Petri plates were examined daily, and the diameter of the growing colonies was measured in two directions at right angles to each other. Measurements were taken for 6 days. In all cases, the linear regression of increased radius (mm) against time (in days) was used to obtain the growth rates (mm·day⁻¹) for each set of treatment conditions.

For each condition (botanical active compound, dose, and fungal species), five plates were inoculated and the experiment was repeated three times.

4.4. Mycelial Growth Inhibition (MGI)

Mycelial growth inhibition was calculated on day 6 by Equation (1) [47]:

MGI = [(DC − DO)/DC] × 100

(1)

where CD is the average diameter of colonies in non-treated plates (without carvacrol, eugenol, or cinnamaldehyde) and OD is the average diameter of colonies with botanical compounds alone or in their mixtures.

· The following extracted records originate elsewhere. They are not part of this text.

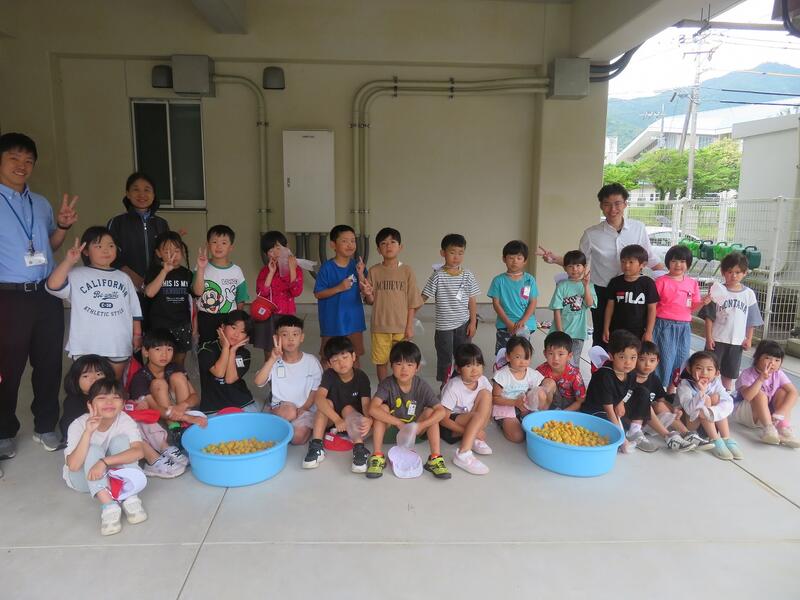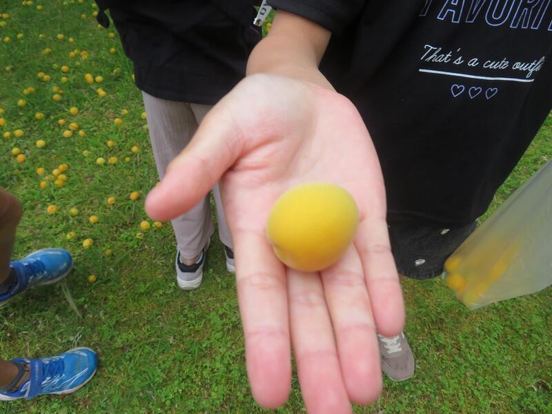 ↑たらい2つにたくさん収穫できました。今後は梅シロップを作っていく予定のようです。朝から素敵な笑顔がたくさん見られました。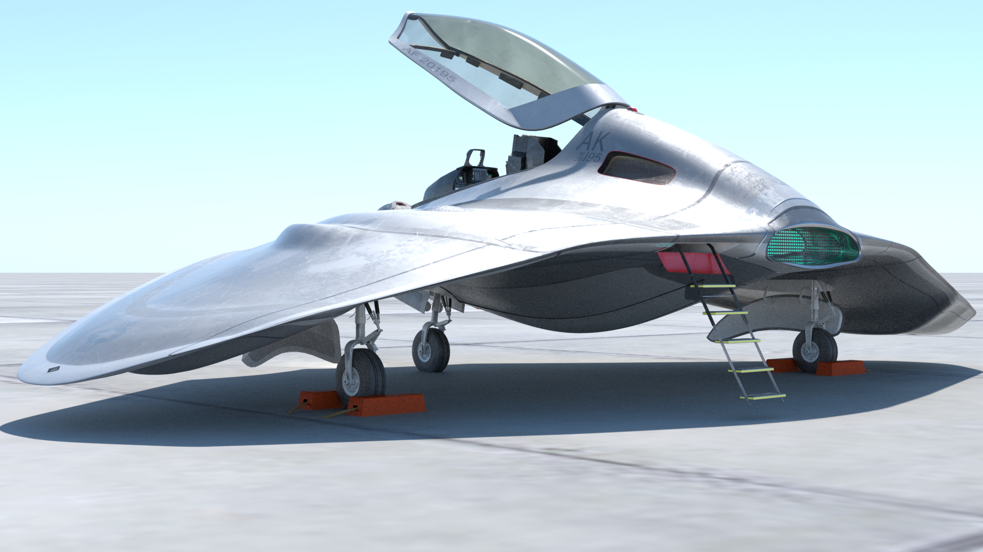 Designed to operate in the atmosphere, under water, or in space, equally well. In native MODO format, it includes a pop-up controller allowing you to animate the complete interior and exterior lighting system, turn the pilot's head, open and close the canopy, retract and extend the landing gear, open and close the weapons bay doors, open and close a nose cone containing an emitter weapon, a retractable boarding ladder, and even includes a slider to vary the "wear and tear" from a new, factory look, to a worn and scratched effect. All wheels rotate properly when moved along the ground.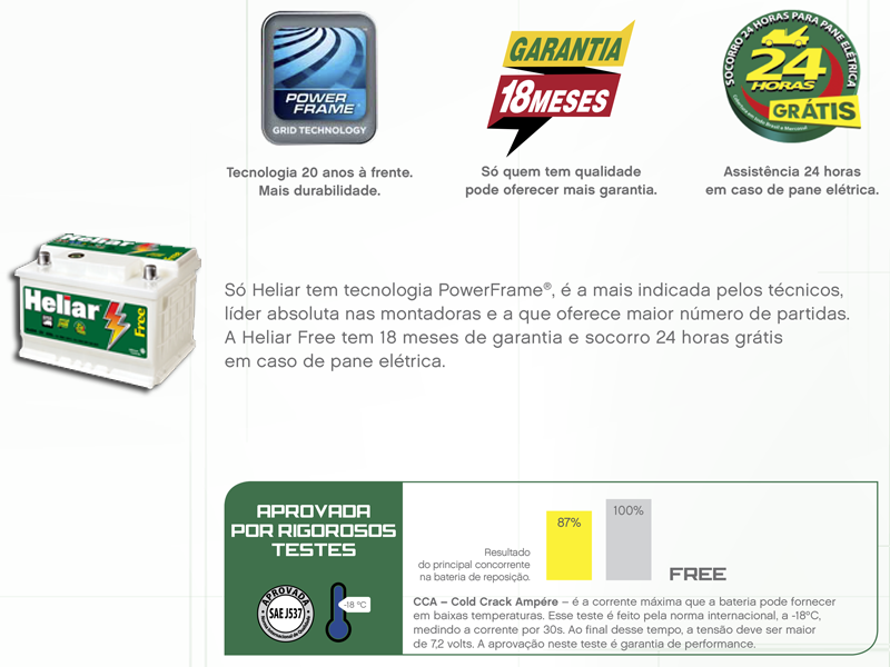 A nova tecnologia PowerFrame das baterias Heliar está 20 anos a frente da tecnologia da maioria das outras baterias do mercado.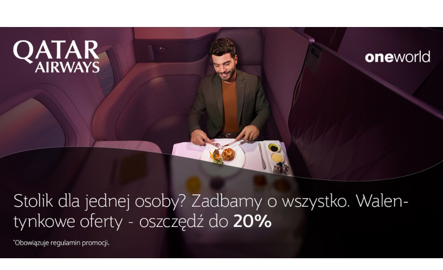Walentynki są idealnym momentem, by zaplanować kolejną wyprawę, a Qatar Airways zachęcają do tego specjalną promocją na loty do wielu fascynujących zakątków świata. Rezerwacji biletów lotniczych z rabatem do nawet 20% – można dokonać między 12 a 18 lutego 2026 roku. Nie czekaj skorzystaj z okazji na podróż na pokładach jednej z najlepszych linii lotniczych na świecie, cenionej m.in. za wysoki standard usług i komfortowe kabiny.

4.5. Fungicide or Fungistatic Activity

After determining the antifungal activity of the active principles and their mixtures, for those whose results showed 100% inhibition, their fungicide and/or fungistatic effect was checked. Of those plates that gave 100% inhibited fungal growth after the 7-day incubation, the same fungal inoculation disc (8 mm) was taken and sown in the center of the Petri plates containing only PDA. The experiment was incubated at 25 °C for 7 days. The growth diameter of each fungus was measured after the incubation period.

4.6. Statistical Analysis

The analysis of variance (ANOVA) was used to determine the influence of carvacrol, eugenol, and cinnamaldehyde, and their mixtures, on the mycelial growth of R. solani and B. fuckeliana. Fisher’s LSD and Tukey’s HSD intervals were used to compare the effect of simple factors, species, and treatment, and their interaction, with significance values of p < 0.05. The Statgraphics XVIII software (Stat Point, Inc., Herndon, VA, USA) was used in the study.